As new formulas are clinically explored to enable such extended release, the potential for improved overall survival and clinical outcomes for patients with GBM becomes more real. These clinical trials have the potential to enable local drug delivery of chemotherapy directly to brain tumor sites with an extended release rate, potentially reducing tumor size. During 2022, these clinical trials are expected to advance, and in the next decade we can expect further development in additional studies seeking new methods of crossing the BBB to advance the treatment of GBM.
Using methylation signatures to target specific routes
An important recent development concerns the number of new tools that allow oncology professionals to perform genomic classification of cancer diseases, identifying key mutations in genes that need to be addressed during treatment. By looking at genomic and epigenetic classifications, we can identify how the cells regulate gene activity. From there, we can look at the methylation profiles of genes and assess how to regulate the cellular response to therapy. The combination of methylation profiling with probiotic signatures and genomic classifications has enabled oncology professionals to identify the Achilles heel of many cancers with these specific pathways, which can cause invasion and ultimately reduce the ability of tumors to duplicate or divide.
Reuse existing medicines
Because the process of bringing a drug to market can take 10 years or more, scientists have looked at the methods by which existing drugs are administered. Recent research has shown that how the drug is administered may play a greater role in its efficacy than previously thought.
Now that we can discover the genetic, epigenetic or methylation signatures to assess pathways, we can identify existing drugs and those in Phase 1 or Phase 2 trials to reuse and link them to new local drug delivery technologies to improve efficacy . As a result of these newly discovered molecular pathways based on genomic profiling and sequencing data, we can reuse drugs that have no role in the treatment of tumors and were not considered valuable in the treatment of brain tumors.

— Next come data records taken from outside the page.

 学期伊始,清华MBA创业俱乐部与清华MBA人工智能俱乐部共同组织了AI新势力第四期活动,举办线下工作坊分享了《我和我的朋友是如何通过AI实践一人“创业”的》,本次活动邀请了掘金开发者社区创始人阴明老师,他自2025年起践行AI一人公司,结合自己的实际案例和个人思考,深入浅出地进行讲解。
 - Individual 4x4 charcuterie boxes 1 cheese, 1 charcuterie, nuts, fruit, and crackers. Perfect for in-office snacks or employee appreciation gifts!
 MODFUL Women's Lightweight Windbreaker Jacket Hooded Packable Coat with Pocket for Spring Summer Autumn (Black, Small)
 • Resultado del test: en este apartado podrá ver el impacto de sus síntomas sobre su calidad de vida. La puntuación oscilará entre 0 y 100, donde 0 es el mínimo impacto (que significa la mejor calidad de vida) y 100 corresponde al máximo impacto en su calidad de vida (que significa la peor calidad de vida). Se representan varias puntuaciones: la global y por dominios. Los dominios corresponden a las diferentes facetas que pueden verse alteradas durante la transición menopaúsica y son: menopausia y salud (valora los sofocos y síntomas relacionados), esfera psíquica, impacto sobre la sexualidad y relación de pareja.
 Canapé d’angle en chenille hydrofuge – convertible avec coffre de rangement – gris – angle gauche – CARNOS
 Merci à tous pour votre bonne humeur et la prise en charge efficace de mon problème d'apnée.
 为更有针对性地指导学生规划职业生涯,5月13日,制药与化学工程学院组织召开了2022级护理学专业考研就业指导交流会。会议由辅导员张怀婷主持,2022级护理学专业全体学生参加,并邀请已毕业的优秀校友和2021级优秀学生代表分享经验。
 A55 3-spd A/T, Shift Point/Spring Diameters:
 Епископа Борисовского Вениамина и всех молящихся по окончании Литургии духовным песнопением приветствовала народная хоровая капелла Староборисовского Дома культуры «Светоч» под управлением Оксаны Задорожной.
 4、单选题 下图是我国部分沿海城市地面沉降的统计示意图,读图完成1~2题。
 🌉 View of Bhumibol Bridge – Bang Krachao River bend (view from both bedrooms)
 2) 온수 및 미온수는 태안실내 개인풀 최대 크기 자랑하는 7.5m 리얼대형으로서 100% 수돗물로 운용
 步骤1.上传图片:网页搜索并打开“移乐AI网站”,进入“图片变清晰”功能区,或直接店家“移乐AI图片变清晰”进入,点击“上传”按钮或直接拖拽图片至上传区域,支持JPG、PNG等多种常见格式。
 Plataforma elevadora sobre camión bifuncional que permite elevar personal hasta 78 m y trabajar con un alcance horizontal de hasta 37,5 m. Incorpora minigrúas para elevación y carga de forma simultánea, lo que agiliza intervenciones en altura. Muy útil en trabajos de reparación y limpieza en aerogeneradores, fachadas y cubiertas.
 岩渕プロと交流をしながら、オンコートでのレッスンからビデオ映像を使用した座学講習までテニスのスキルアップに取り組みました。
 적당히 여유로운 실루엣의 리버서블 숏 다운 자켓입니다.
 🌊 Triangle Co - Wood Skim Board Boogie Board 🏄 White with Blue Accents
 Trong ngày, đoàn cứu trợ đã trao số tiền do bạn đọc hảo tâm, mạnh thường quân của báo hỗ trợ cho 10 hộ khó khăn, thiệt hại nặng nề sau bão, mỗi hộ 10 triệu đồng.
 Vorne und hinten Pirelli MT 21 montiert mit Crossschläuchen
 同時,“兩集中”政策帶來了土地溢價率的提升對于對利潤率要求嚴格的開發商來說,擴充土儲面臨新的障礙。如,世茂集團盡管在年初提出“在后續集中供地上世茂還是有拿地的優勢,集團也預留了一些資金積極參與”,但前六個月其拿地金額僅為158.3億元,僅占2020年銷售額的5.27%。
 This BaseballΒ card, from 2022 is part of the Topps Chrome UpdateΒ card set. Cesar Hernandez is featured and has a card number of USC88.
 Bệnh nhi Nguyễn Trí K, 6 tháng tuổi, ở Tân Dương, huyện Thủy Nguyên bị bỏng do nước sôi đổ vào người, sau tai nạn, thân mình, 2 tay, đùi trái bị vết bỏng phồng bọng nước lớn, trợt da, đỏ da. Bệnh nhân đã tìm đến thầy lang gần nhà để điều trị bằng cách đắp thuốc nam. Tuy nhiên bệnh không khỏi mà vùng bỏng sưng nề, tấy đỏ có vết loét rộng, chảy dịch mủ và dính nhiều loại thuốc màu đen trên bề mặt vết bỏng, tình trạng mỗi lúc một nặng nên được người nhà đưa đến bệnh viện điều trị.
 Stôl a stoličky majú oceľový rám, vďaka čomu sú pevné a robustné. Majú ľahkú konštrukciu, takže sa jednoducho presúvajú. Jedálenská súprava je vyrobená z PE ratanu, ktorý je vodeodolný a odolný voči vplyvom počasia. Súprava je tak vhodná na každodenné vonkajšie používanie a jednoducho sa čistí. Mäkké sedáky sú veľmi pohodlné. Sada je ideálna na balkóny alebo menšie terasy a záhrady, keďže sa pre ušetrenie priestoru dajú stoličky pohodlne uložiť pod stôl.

If we take it one step further, if we use FDA-approved drugs, we can halve the time it takes to prove the safety and efficacy of a new drug to get it into the hands of clinicians for their therapeutic toolbox. . By embracing these new technologies, we have the potential to change the outcome in GBM cancer care.
Clinical trials recover from the impact of COVID-19
As oncology evolves after the challenges of the COVID-19 pandemic, we have a lot to expect. Even before the pandemic, most patients in the United States did not participate in clinical trials because of daunting logistical complications. Challenges remain, but there is greater clarity about what we need to overcome to bring greater equity and access to the cancer clinical research space for patients.
As we progress beyond the peak impact of COVID-19 on clinical trials, we need to find a way to improve clinical trial structures so that all patients with GBM, especially those affected by social determinants of health, can more easily receive care in the clinical trial setting. There is hope that we will continue to see dedicated attention from those working in this space for years to come, which will ideally open up more opportunities for patients with GBM to receive more affordable, cutting-edge treatments.
About the author
Mitchell S. Berger, MD, is the director of the University of California San Francisco Brain Tumor Center (BTC) and the principal investigator of BTC’s SPORE Brain Tumor Program. He is also a member of PolyPid’s scientific advisory board.